The last time America had a “Clinton administration” was in the 1990s, when Hillary’s husband Bill served two terms as president.

Lewandowski banged a similar Clinton drum in his Monday morning appearance on Fox Business Network (though when he first mentioned the “Clinton administration,” he immediately corrected himself and specified that he’d meant to say “Clinton Foundation”): “What we also know, what we know unequivocally, is that Bill Clinton received $500,000 from somebody tied to Russia, and just before the uranium deal went through, Bill Clinton was meeting with Vladimir Putin…. the real collusion that took place was between the DNC, the Clinton campaign, and Russia.”

When Payne asked Lewandowski why he thought attorney general Jeff Sessions hadn’t taken action against such actions, Lewandowski said “It’s a great question, I don’t know the answer to it.”


5. He Said Any Wrongdoing by Manafort or Other Trump Staff Should be ‘Independent of the President’

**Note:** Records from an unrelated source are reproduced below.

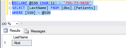 Assuming SSN is an encrypted char(11) column in the Patients table, the below script will attempt to find a row containing '795-73-9838' in the SSN column and return the value of the LastName column, providing Always Encrypted is enabled for the database connection, Parameterization for Always Encrypted is enabled for the Query Editor window, and you have access to the column master key configured for the SSN column.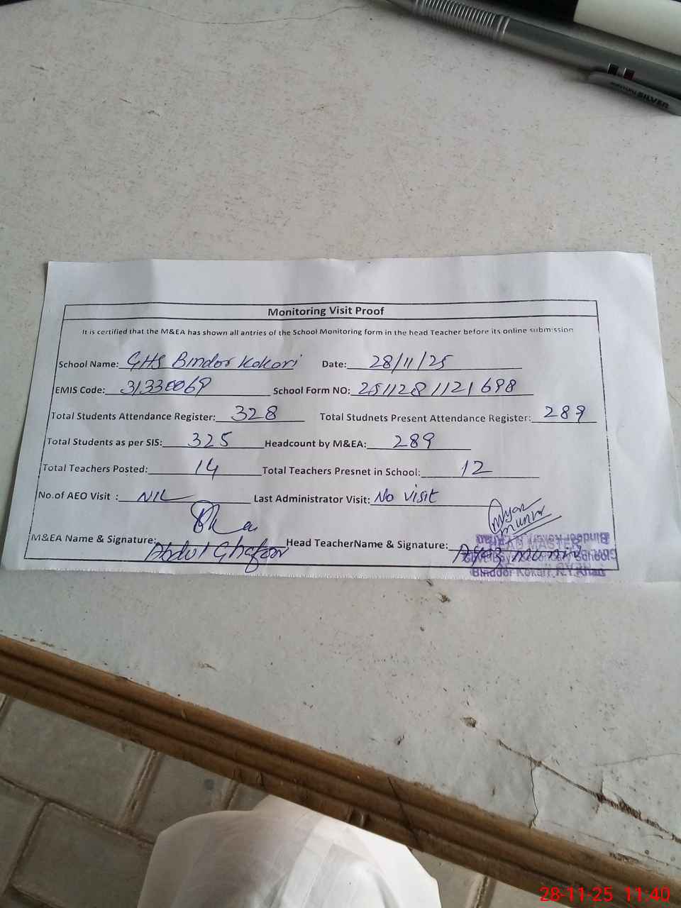 | EMIS Code: 31330069 | Name of School: GHS BINDOOR KOKARI | |||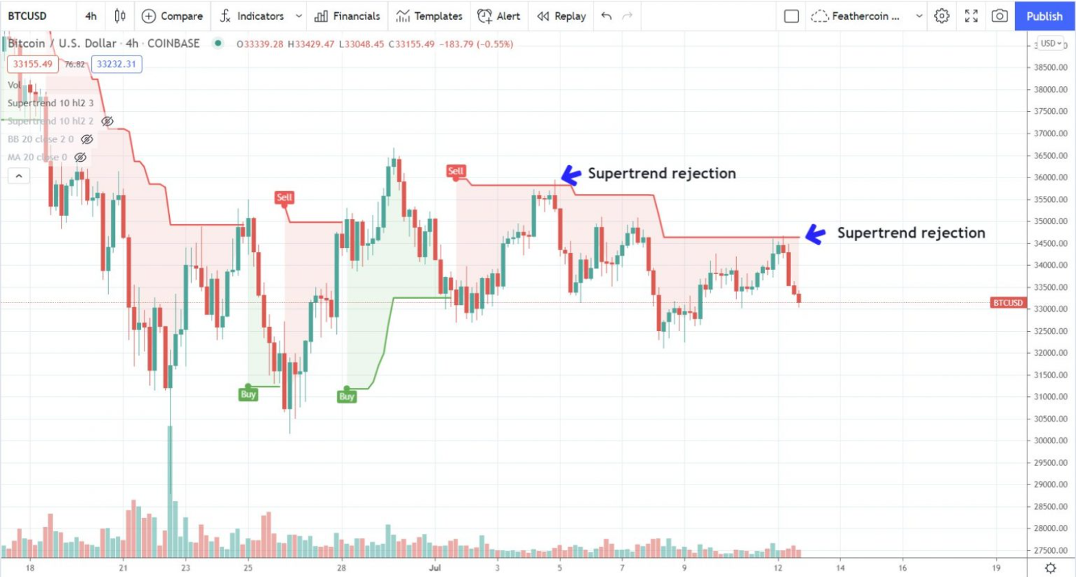 “Lần thứ hai Bitcoin bị từ chối bởi Supertrend (khung 4h). Với khối lượng giao dịch và độ biến động thấp, nó thường có xu hướng có xu hướng giảm. Khối lượng và biến động cao thường có lợi cho việc tăng giá”.

In September, when Lewandowski said that anyone colluding with Russia should “go to jail for the rest of their lives,” he also suggested that if such collusion were proven to be real, Trump had nothing to do with that:

I had the privilege to sit next to Donald Trump 18 hours a day, seven days a week for 18 months, from January 2015 until I left the campaign on June 20th in 2016. And when I say 18 hours a day sitting next to him, I truly mean on an airplane flying or being next to him and listening to every phone call, within reason, that he had made over that period of time. And never ever ever did I hear him say, utter, insinuate anything to do with Russia. He never instructed me or anybody in my immediate presence to ever be involved with Russia, never mentioned Russia collusion, coordination, cooperation, or anything of that nature ever.

On Oct. 30, when Manafort and Rick Gates were publicly named in the indictment and Lewandowski responded by criticizing the FBI for not warning Trump about Manafort back in the day, Lewandowski also repeated his earlier claims that Trump could not possibly have known anything about this: ““Look, if Paul Manafort and Rick Gates are guilty of tax evasion, money laundering, or hiding their accounts in Cyprus, or whatever it is, they should absolutely be held accountable. But they should be held accountable independent of the president, because the president had nothing to do with coordination, collusion or cooperation with Russia, nobody at the campaign did that I’m aware of.”